--- Your assignment ---
Give exactly the lines from the one that contains "Riley - Industrial" through the end of the entries below, both included; the pictures stay out.

--- Records for this task ---
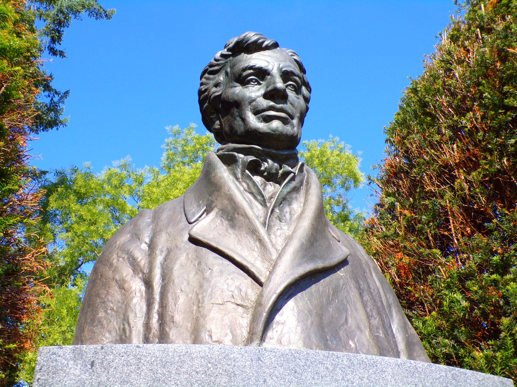 Tato bronzová busta od akademického sochaře Josefa Václava Škody z Hradce Králové, která je umístěna na podstavec z hladké žuly, byla odevzdána okrašlovacím spolkem za zvuků státní hymny do ochrany města. K jeho provedení došlo z iniciativy a zásluhou starosty města a zdejšího továrníka Rudolfa Vitouška. Následujícího dne pak byly na Orebu ještě uspořádány zádušní bohoslužby na památku tohoto velikána. Od té doby pomník zdobí Heldův park (s výjimkou německé okupace, kdy byla busta sňata a vrátila se na své místo až v roce 1945), který byl poprvé upraven roku 1955 a naposledy prošel celkovou revitalizací v roce 2015.
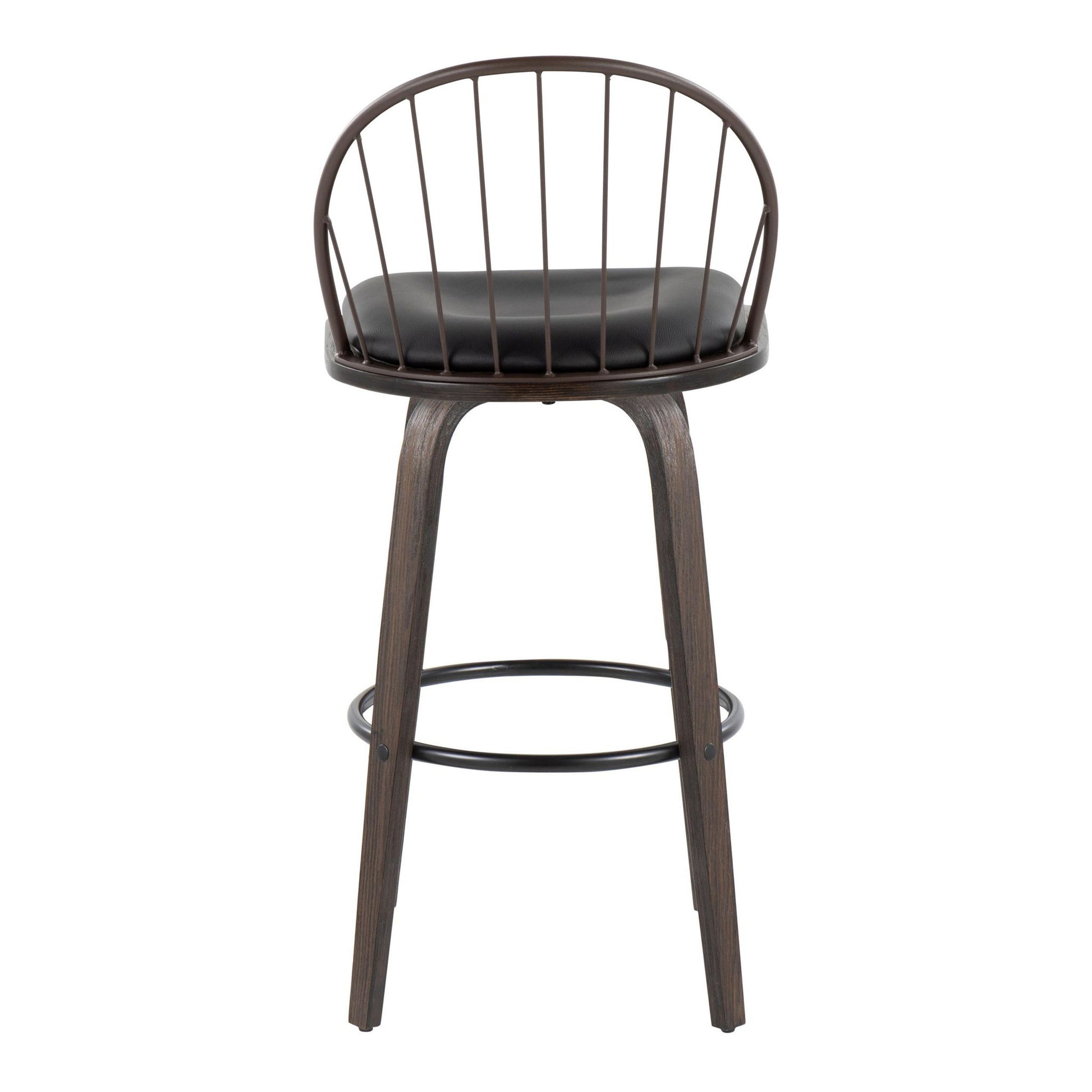Riley - Industrial / Urban Fixed Height Barstool With Swivel With Round Footrest With Removable Cushion (Set of 2) - Walnut / Brown
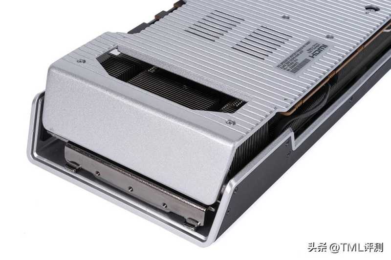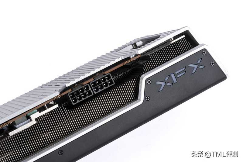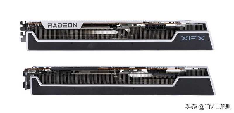 从侧面可以看到XFX RX 7900 XT 20GB 海外版pro显卡配备了大面积的散热鳍片,鳍片高低交错排布,散热鳍片下隐藏着8根6mm厚的加长复合热管,采用全镀镍工艺,贯穿整个散热器,确保散热效能最大化。
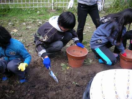 11月10日に、小学生がチューリップの球根を植えました。毎年吹田東ライオンズクラブの方から球根を寄付していただいています。今回も春にきれいな花がさいてほしいです。
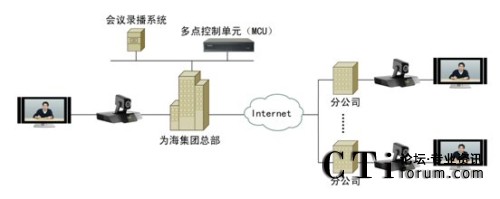 科達視頻會議解決方案就部署而言非常簡單:為海集團深圳總部的機房架設一臺多點控制單元(MCU),總部會議室、各分公司的會議室則各部署一套視頻會議終端?偛繋挒10/100M,各地分公司均通過普通ADSL接入。系統(tǒng)拓撲圖如下:
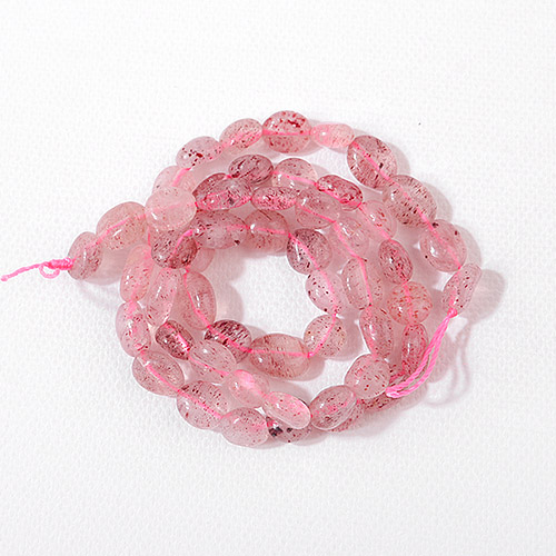 - 싼비즈 [5480-08]원석 못난이 약6x8mm 딸기석 ,반줄(약19cm)
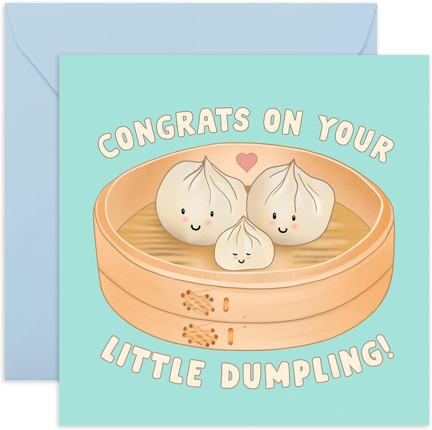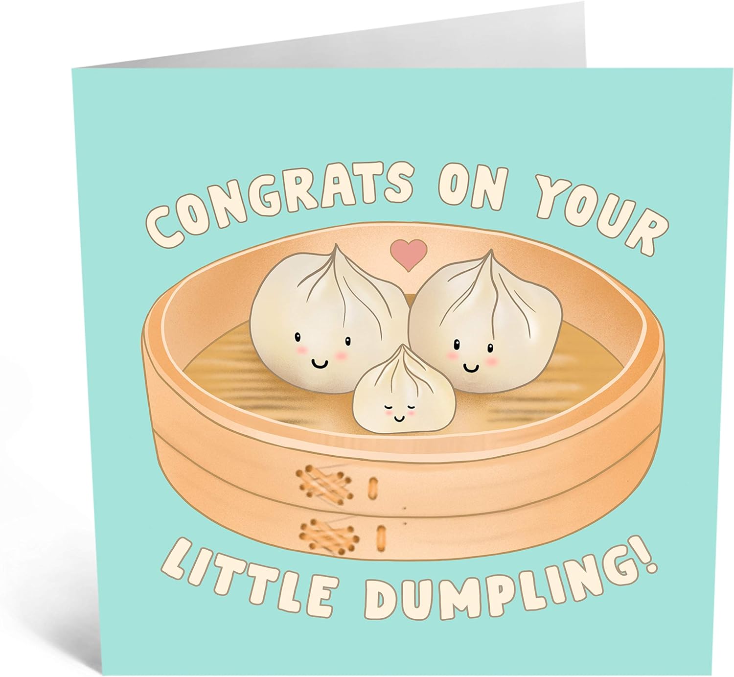 This fun card features a sweet drawing of a family of 3 dumplings and the words "Congrats on Your Little Dumpling"

--- Reply ---
Riley - Industrial / Urban Fixed Height Barstool With Swivel With Round Footrest With Removable Cushion (Set of 2) - Walnut / Brown
 从侧面可以看到XFX RX 7900 XT 20GB 海外版pro显卡配备了大面积的散热鳍片,鳍片高低交错排布,散热鳍片下隐藏着8根6mm厚的加长复合热管,采用全镀镍工艺,贯穿整个散热器,确保散热效能最大化。
 11月10日に、小学生がチューリップの球根を植えました。毎年吹田東ライオンズクラブの方から球根を寄付していただいています。今回も春にきれいな花がさいてほしいです。
 科達視頻會議解決方案就部署而言非常簡單:為海集團深圳總部的機房架設一臺多點控制單元(MCU),總部會議室、各分公司的會議室則各部署一套視頻會議終端?偛繋挒10/100M,各地分公司均通過普通ADSL接入。系統(tǒng)拓撲圖如下:
 - 싼비즈 [5480-08]원석 못난이 약6x8mm 딸기석 ,반줄(약19cm)
 This fun card features a sweet drawing of a family of 3 dumplings and the words "Congrats on Your Little Dumpling"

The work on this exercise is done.